Rovetch has written and informative and interesting book for the “mobile but not agile” traveler that is filled with history, geography, culture, fascinating people and many helpful hints for senior travelers.
The Creaky Traveler documents the Rovetches' journey through the North West Highlands of Scotland, which he calls Britain's “last wilderness.”
Travel books should appeal to those planning a trip and those not able, but who love to read about other people's travels.
The couple enjoy traveling independently, and tell how they plan their trips carefully, leaving room for the unexpected.
This particular adventure took them to an area of Scotland that is home to only 4 percent of the country's population, offering a casual lifestyle and unspoiled countryside that can be found in very few places these days.
The easy-reading book includes maps of the areas, plus beautiful color photos.
It is fun reading about the people and places that they got to know in the many small villages, staying in guest houses and visiting local pubs.
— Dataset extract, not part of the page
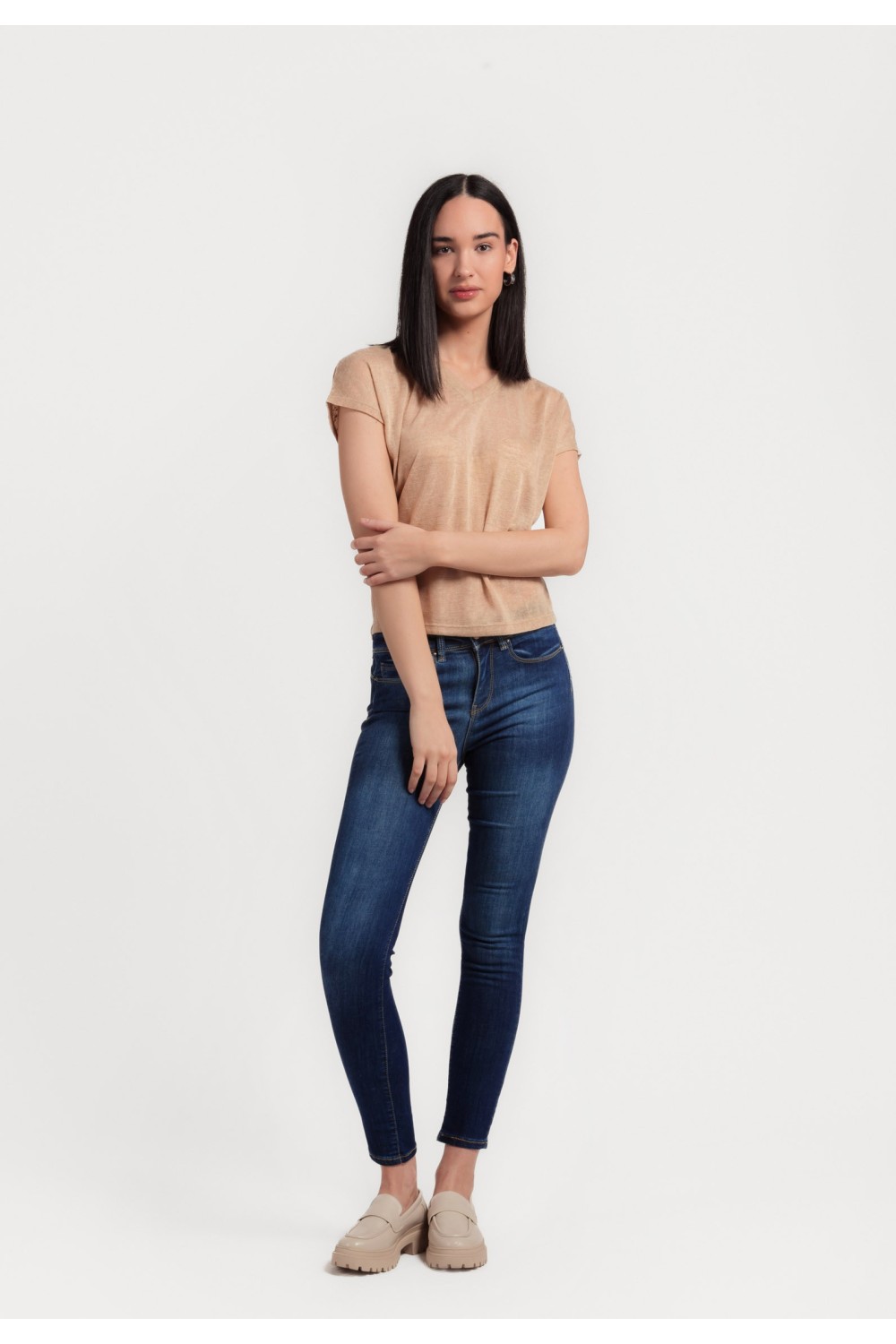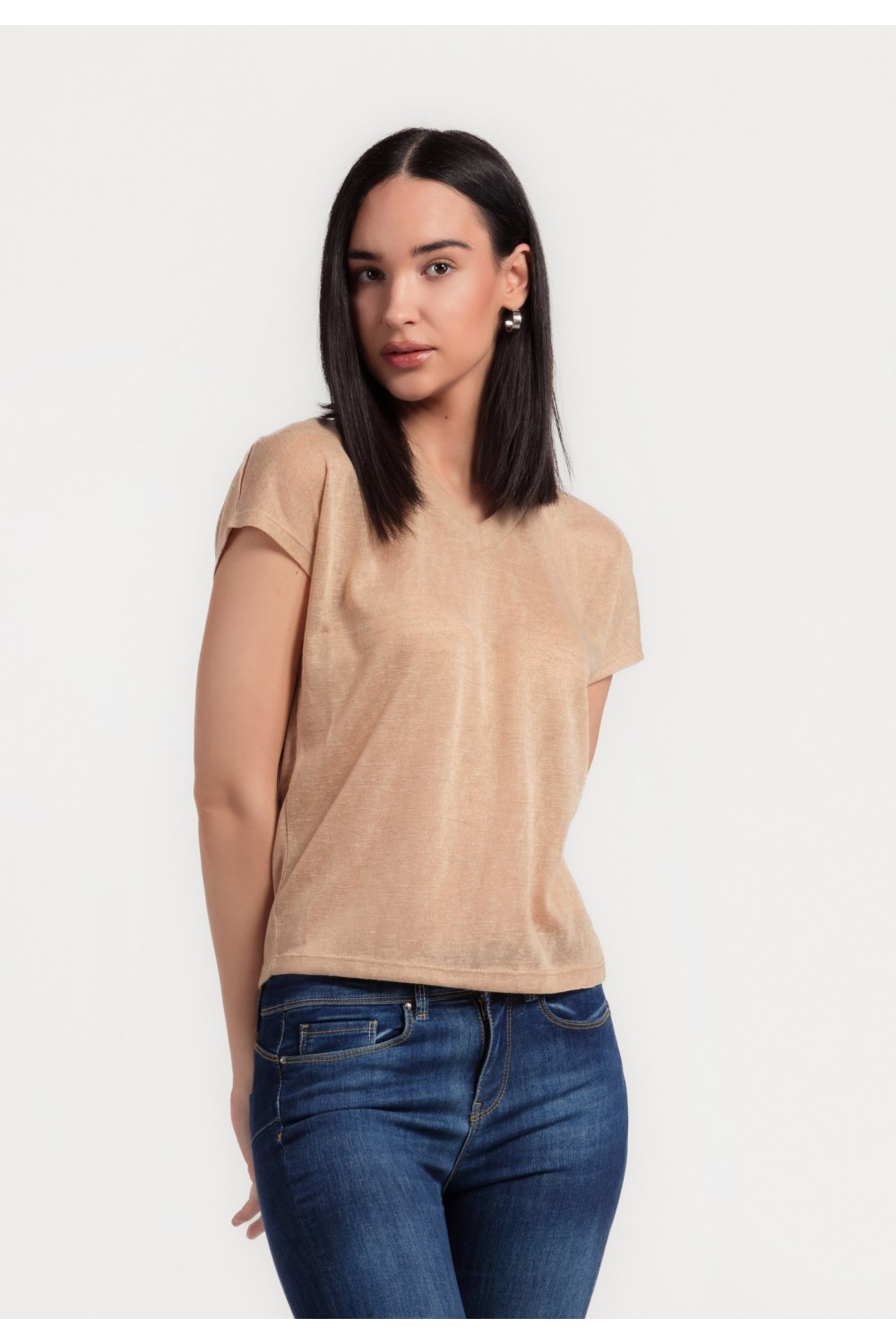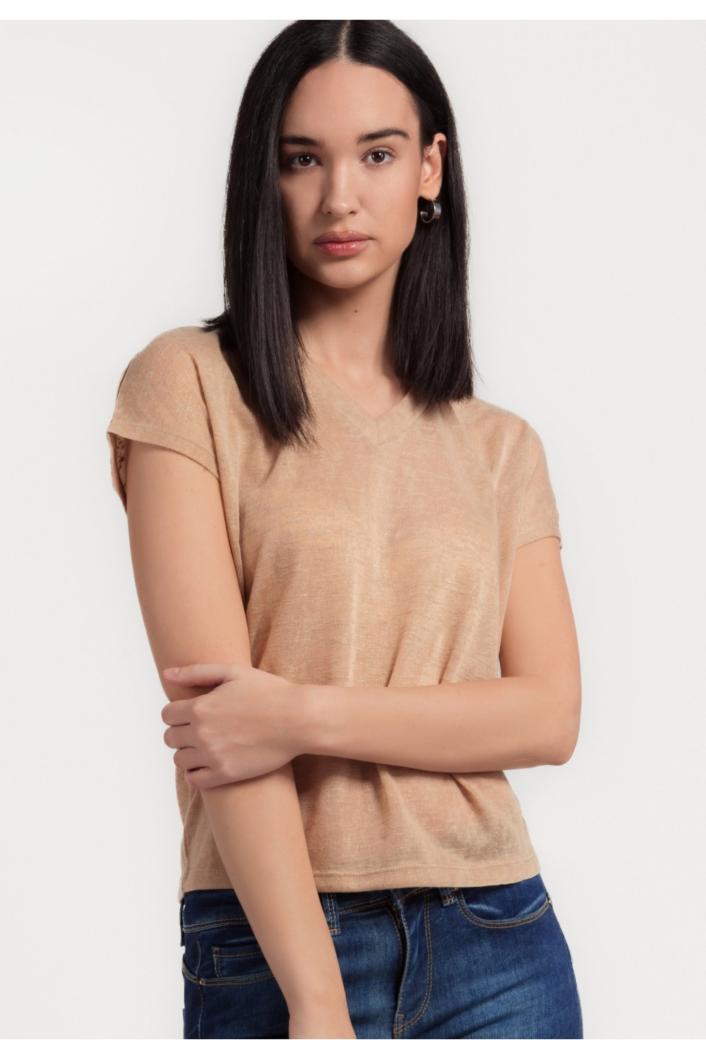 Ženska majica kraćih rukava sa svjetlucavim nitnama na rubu ovratnika i rukavima. -70% MODALNO VLAKNO, 30% POLIESTERModel je visok 175 cm i nosi veličinu S/V36..

They have also provided some interesting historical facts.
Whether or not you ever visit Scotland, you'll love the stories, and enjoy their approach to leisurely travel. This is not one of those “If it's Tuesday, it must be Belgium” travel books.
The chapters on Senior Travel trips are invaluable, as Rovetch provides simple but important suggestions for the Creaky Traveler, with a guide to assessing your individual limits, such as how far can you walk without needing a rest.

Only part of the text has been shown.